Why is the world revolutionized? It is noteworthy that conflicts are increasingly rooted in economics and politics. Although these will continue to play a role, the cultural issue is growing. Now it should be said, imitating Clinton: “It’s culture, stupid!”
We thought that the twentieth century had been the shortest (1918-1989) and that we had entered the twenty-first. But it seems that the Cold War continues, which would not have ended with the end of the USSR (1991). Culture would be among its causes. Most social fractures have this component, not just the socio-economic one: American Trumpism, British Brexit, French unrest, and now the most serious conflict, the Russian invasion of Ukraine.
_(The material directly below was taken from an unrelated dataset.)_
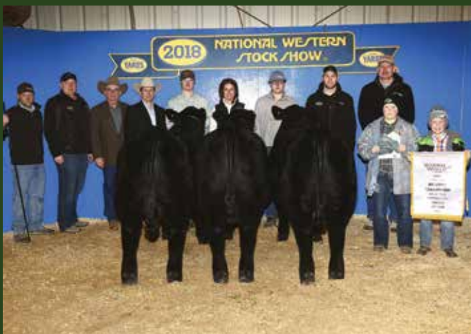
2018 NWSS Res. Grand Champion Pen of Three Percentage Simmental Bulls

Russia and Ukraine are independent countries, but brothers. Putin is named after Prince Vladimir the Great, who introduced the Orthodox religion to Slavic lands from Kyiv. In Russia there is talk again of Holy Russia, but Ukraine had been Mother Russia before. Because Putin’s country has its origins in the medieval Russian of Kyiv, the first great gathering of Slavic tribes. Ukraine fell under the yoke of the tsars in the 18th century and then under the Bolsheviks in the 20th. Ukraine has been Russified, although it has been independent since 1991. But Russia was in the Middle Ages in Ukraine. An anecdote: Listen to the fiery Second Tchaikovsky Russian Symphony. It’s called Little Russia. But this is Ukraine, where the musician of Ukrainian descent composed it in 1872. Or listen to the end of the paintings in an exhibition by his contemporary Mussorgsky: The Great Gate of Kyiv. Ukraine, in the best Russian music.
Putin wants to control the plains around the Dnieper. It is its western flank, from the Baltic to the Black Sea. He has invaded Ukraine, but he also wants to teach it. Zelensky speaks Russian, just like him. It is not a civil war, but it is a fratricidal war within a large historical community of ethnicity, religion, language and trade. With this ferocity, Russia is killing its comrades-in-arms.